There is ample FERC precedent, as stated by FERC staff in the El Paso Rate case: “The commission has long held that pipelines are not necessarily entitled to recover all prudently incurred costs.

For example, costs of facilities that are not used and useful to ratepayers should be borne by the pipeline's shareholders, even if such costs are prudently incurred.” The problem, FERC staff argues, is not one of fault. “The commission has explicitly recognized that pipelines should share the risk of unsubscribed capacity with their customers.”

It’s not one of prudence either. No one is arguing that the initial investments in these pipeline facilities were not prudent at the time they were made. But the inquiry doesn't end with prudence. It is not yet clear if FERC will follow this precedent as it grapples with capacity decontracting and changing flow pattern issues.

Dena Wiggins, partner at Ballard Spahr, agrees that the problem the industry is facing is being caused by a fundamental change in market conditions. She has been involved in nearly every significant FERC rulemaking effort in the past 20 years.

“When REX was built it made sense, but the world has changed,” she tells Midstream Business. “It’s no one’s fault, it’s not the pipelines’ fault, and it’s not the shippers’ fault, either. In recent rate cases, pipelines have tried to argue that even in the face of declining throughput, the appropriate regulatory solution is to spread the costs over the much lower throughput volumes, even if the result is a huge rate increase for the remaining shippers. This strikes me as wrong and fundamentally unfair because, it's not the shippers’ fault, either.”

What’s the precedent?

Can the FERC take into consideration how market conditions have changed? Is there a historical precedent?

“Going back to the days of the take-or-pay solutions, when the FERC found that market conditions had rendered those contracts uneconomical, the FERC required that the costs be shared between the pipeline shareholders and the shippers,” adds Wiggins.

One could argue that there is a similar situation here: The market has changed and pipelines that were designed and built to move gas, from a production area to a traditional market area, now face production in what used to be the market area. Thus, some portions of the pipeline are underutilized.

“The pipeline and its shareholders need to share in the pain and not, as the pipelines apparently prefer, just spread the costs over the remaining shippers and thereby impose all of the pain on the shippers,” Wiggins reasons.

In many recent pipeline rate cases, “the shippers have settled on terms that provide what I call a Band-Aid solution, not really addressing the fundamental problem of changing flow patterns but arriving at a negotiated solution to resolve the case,” she adds. The pending El Paso case might shed some light on how FERC will address these issues.

“At some point, the FERC will have to call balls and strikes. The problem is too pervasive and the stakes are too high,” Wiggins concludes.

Whether its write-downs, billion-dollar pipeline bankruptcies or a series of rate cases that can’t truly be fixed by a FERC-prescribed Band-Aid, it’s quite clear that the ripple effect of new shale gas and its impact on interstate pipelines will be felt for years to come.

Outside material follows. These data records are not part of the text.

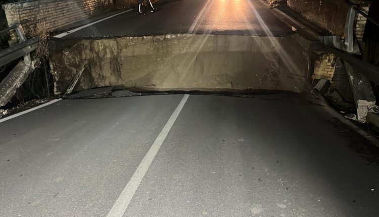 TORTORETO – Stanotte si è verificato il cedimento del ponte sul torrente Salinello lungo la strada provinciale SP12, tra i comuni di Sant’Omero e Bellante. Fortunatamente il cedimento si è verificato in un momento in cui nessuna auto stava transitando sul ponte. Potrebbe essere stato il collasso di una trave in cemento armato a determinare il cedimento del ponte sul quale era presente segnaletica per la limitazione del carico a 12,5 tonnellate.
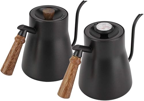 Cafetière, cafetière à poignée en bois en acier inoxydable épaissi avec thermomètre, bec long et fin soigneusement conçu, Versez sur la bouilloire à caféadapté pour le thé et le café
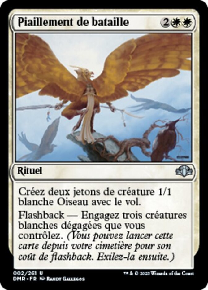 | Rules | Create two 1/1 white Bird creature tokens with flying. Flashback—Tap three untapped white creatures you control. (You may cast this card from your graveyard for its flashback cost. Then exile it.) |
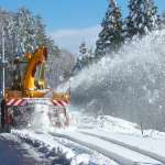 ▲作業中の除雪車は進路を細かく修正するので接近禁止。無闇に近づくと小石が飛んでくることも
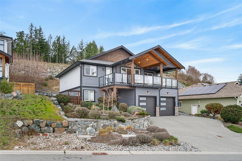 Welcome to this immaculately maintained custom home offering 180° panoramic ocean views from the large covered south-facing deck. Built in 2019, this beautiful 4-bedroom, 3-bathroom home impresses from the moment you arrive with its low-maintenance landscaped front yard and double over-height garage. Inside, the bright and open layout features vaulted ceilings in the living room, flowing seamlessly to the outdoor deck—perfect for enjoying the view. All upstairs bedrooms include walk-in closets for excellen...
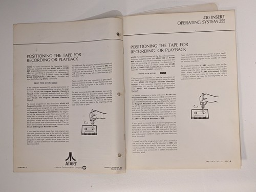 Up for sale is Atari Computer System Atari 410 Program Recorder Operator's Manual
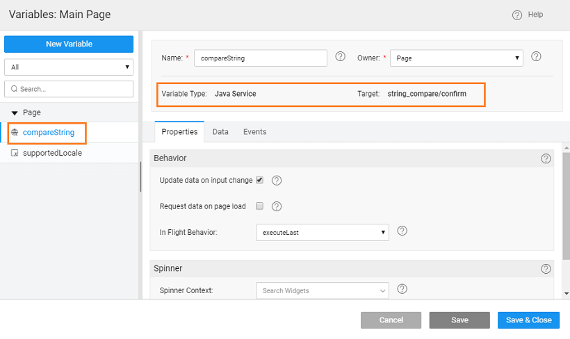 4. Add a Java Service for the string comparison logic. Use the same names that you gave in the Methods of Prefab Settings, in this case, String_compare for Java Service and confirm for the method Enter the following method to compare strings:
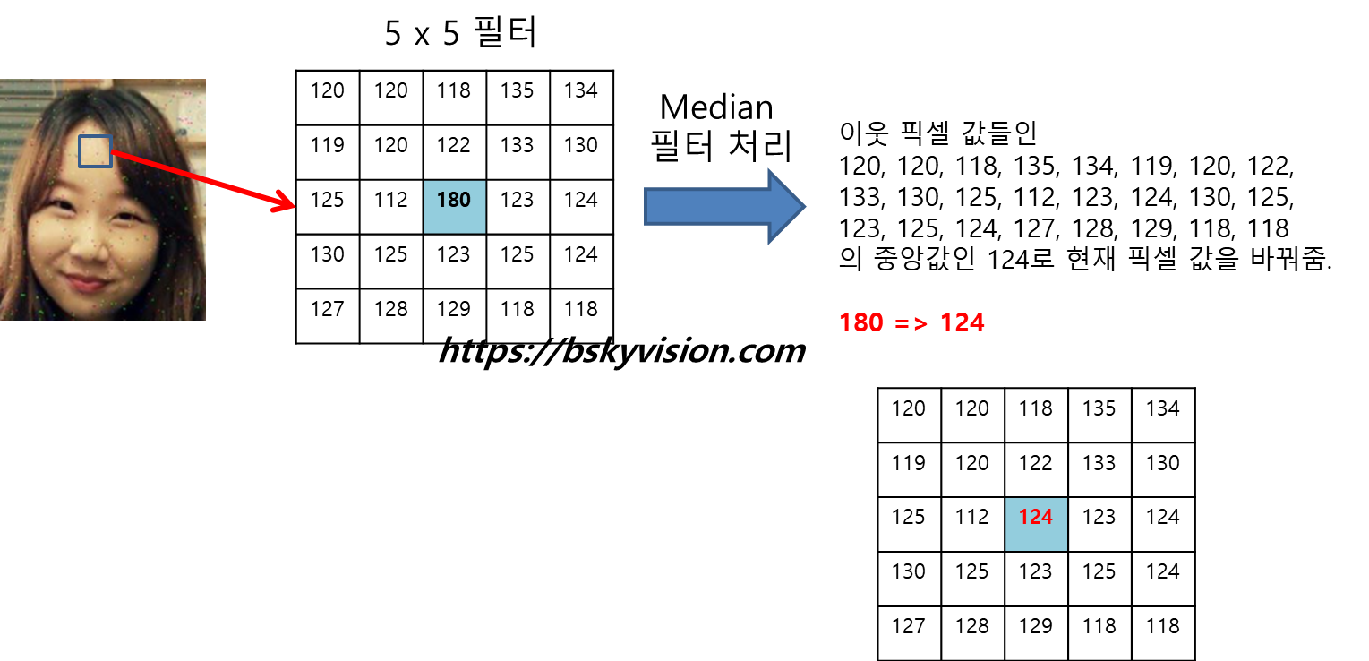 가장 간단하게 이미지에서 노이즈를 제거하는 방법은 예전에 소개해드렸던 Gaussian 필터, Median 필터, Bilateral 필터를 사용하는 것입니다. Gaussian, Median, Bilateral 필터 처리는 모두 이웃한 주변 픽셀들의 값을 가지고 현재 픽셀의 값을 바꿔준다는 특징을 갖고 있습니다. 예를 들어, Median 필터는 현재 픽셀의 주변 이웃들의 중앙값(median)을 구해서 그것을 현재 픽셀의 값으로 삼아줍니다.
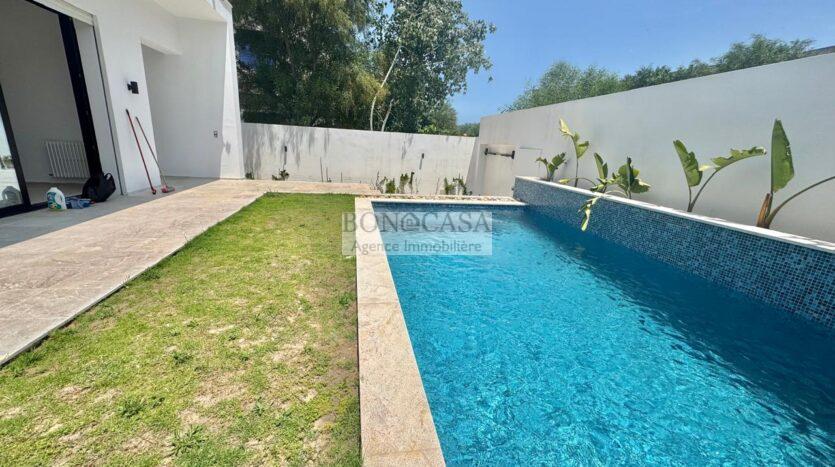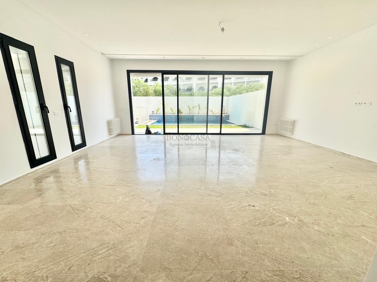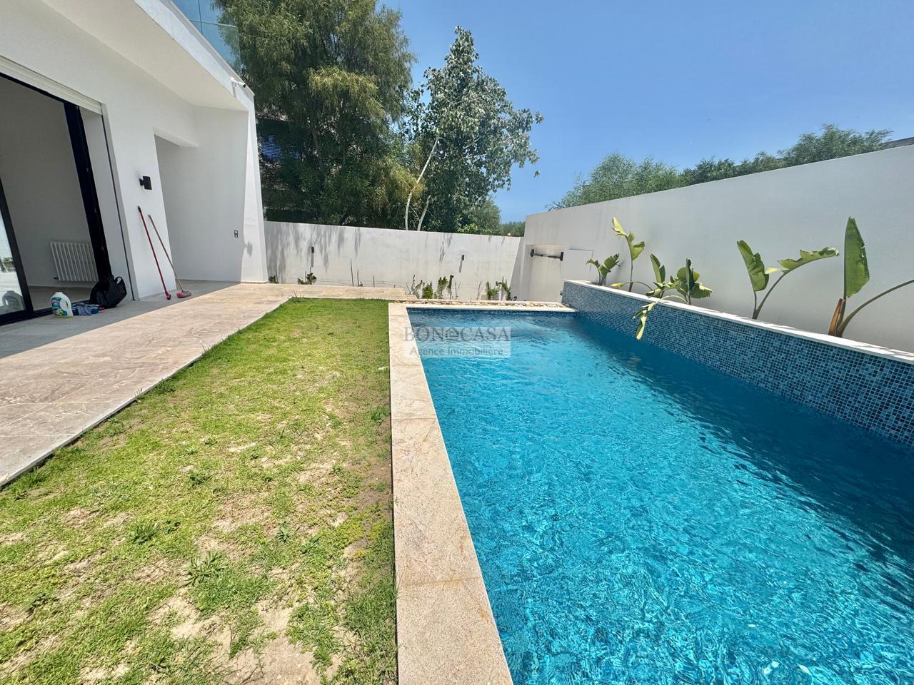 BONACASA vous propose à la location une splendide villa neuve sur trois niveaux située dans un quartier résidentiel prisé de Gammarth.
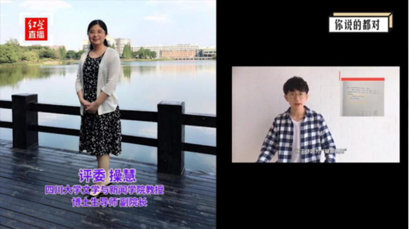 8月3日,第二季“红星新闻高校评论新秀挑战赛”(视频评论专场)在线上启幕,来自全国各地高校的150余名学子参加了本次比赛。beat365体育官网学子积极参与,在比赛中获佳绩。beat365体育官网副院长操慧教授任评委,并受邀与参赛学子进行线上分享交流,探讨网络时代的观点表达。共同担任评委的还有中国青年报编委、高级编辑曹林,四川省电视艺术家协会新媒体专委会主任王彬荣。
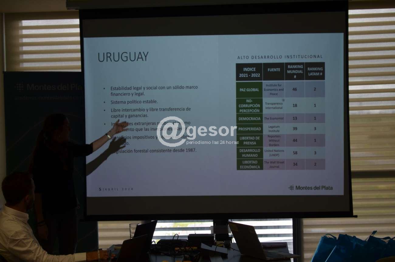 Después de detallar otros aspectos de lo que hacen a la generación de empleo Carolina Moreira se refirió a "la Academia Montes del Plata, que es una iniciativa maravillosa, que hace un par de años que estamos trabajando, en lo que es empleabilidad de nuestras personas, y los hijos de productores asociados en el programa de alianzas. Les hemos ofrecido a los hijos de productores que puedan tener su primera experiencia laboral acá en Montes del Plata, en las diferentes ramas, así como también a los empleados nuestros, que sus hijos que ya están en años avanzados en su carrera terciaria, o en sus primeros años posteriores a egresar, puedan tener su primera experiencia laboral"
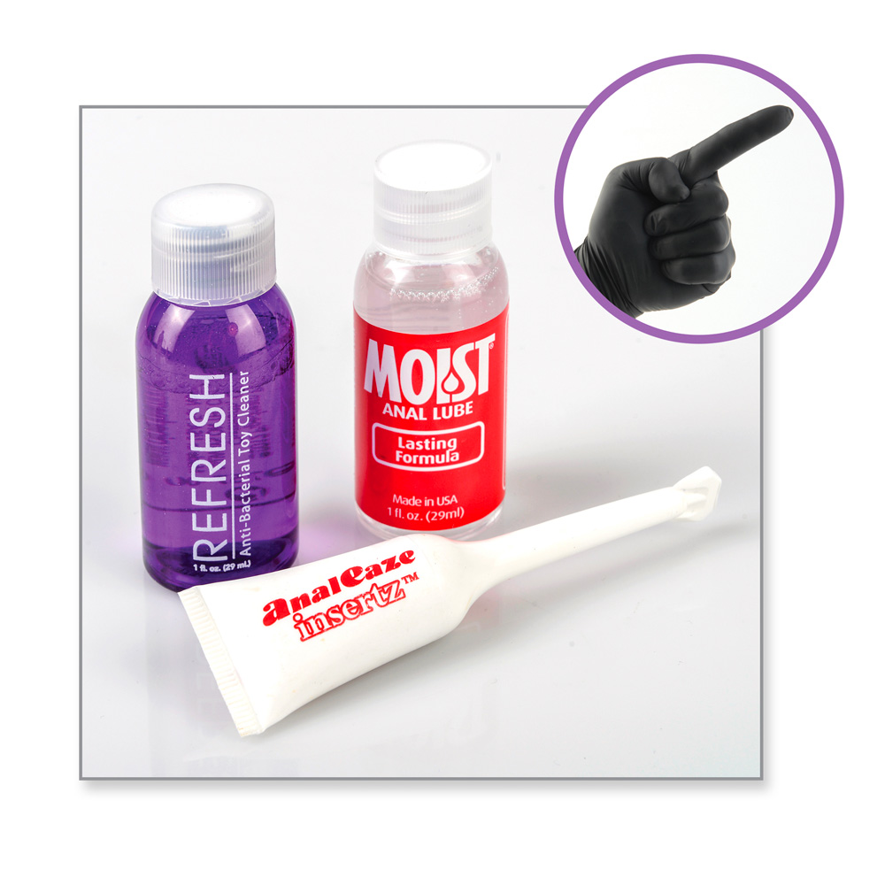 The key to anal play is to take it slow! Attempting anal penetration before you are properly aroused can be unpleasant, so allow yourself to relax in order to enjoy the experience. Fingerplay is a great way to relax the anus, so use an included finger sleeve to massage the area. The anus and rectum do not have a natural lubricating system like the vagina, so use plenty of the included Moist Anal Lube to reduce friction and increase pleasure.
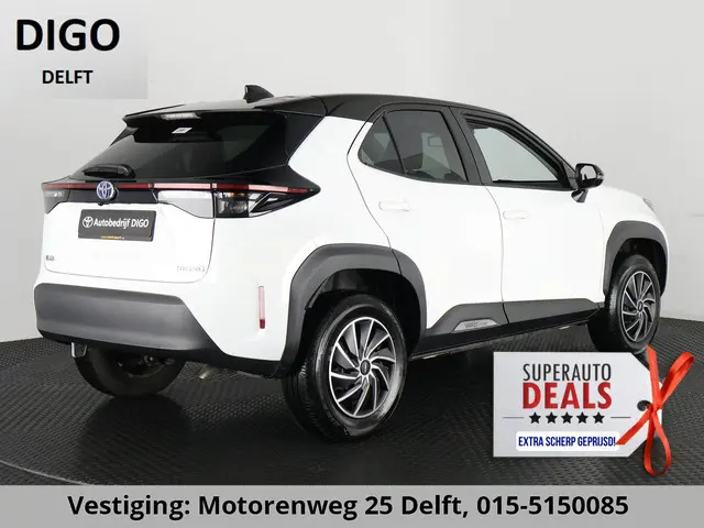 **** Deze Yaris Cross staat in de showroom Motorenweg 25 te Delft 015-5150085***Een hoogzitter van ongekende kwaliteit. Deze Yaris Cross is voorzien van allerlei gemakken. In deze mooie Bi-TONE LUXERY PACK( oa. zwart dak, extra getint glas, Keyless entry en start ,spiegels high gloss black, maar ook Apple/ Android carplay !) . Maar ook Climate control, een groot Multimediasysteem en DAB , Digitaal instrumentenpaneel en natuurlijk nog VEEL meer! Laat u zelf overtuigen van de vele voordelen die de Toyota Yaris Cross u te bieden heeft en breng een bezoek aan onze showroom gevestigd aan de Motorenweg 25 te Delft . Wenst u vooraf meer informatie? Neem dan gerust contact op met een van onze verkoopadviseurs op 015 - 515 00 85.Wilt u meer weten over deze Toyota kunt u altijd bellen naar: 015 515 00085.

In the realm of potential outcomes, is it possible that pipeline capacity decontracting could impact the netback price to an entire producing region like the Rockies? Is it also possible that master limited partnership unit shareholders might soon be expected to step up to the table and share the shippers’ burden of pipeline transportation costs?

The range of questions and issues related to decontracting will continue to present itself to the marketplace. There is no agreement on whether or not FERC will address these issues in a piecemeal, rate case-by-rate case approach or in a larger industry-wide rulemaking.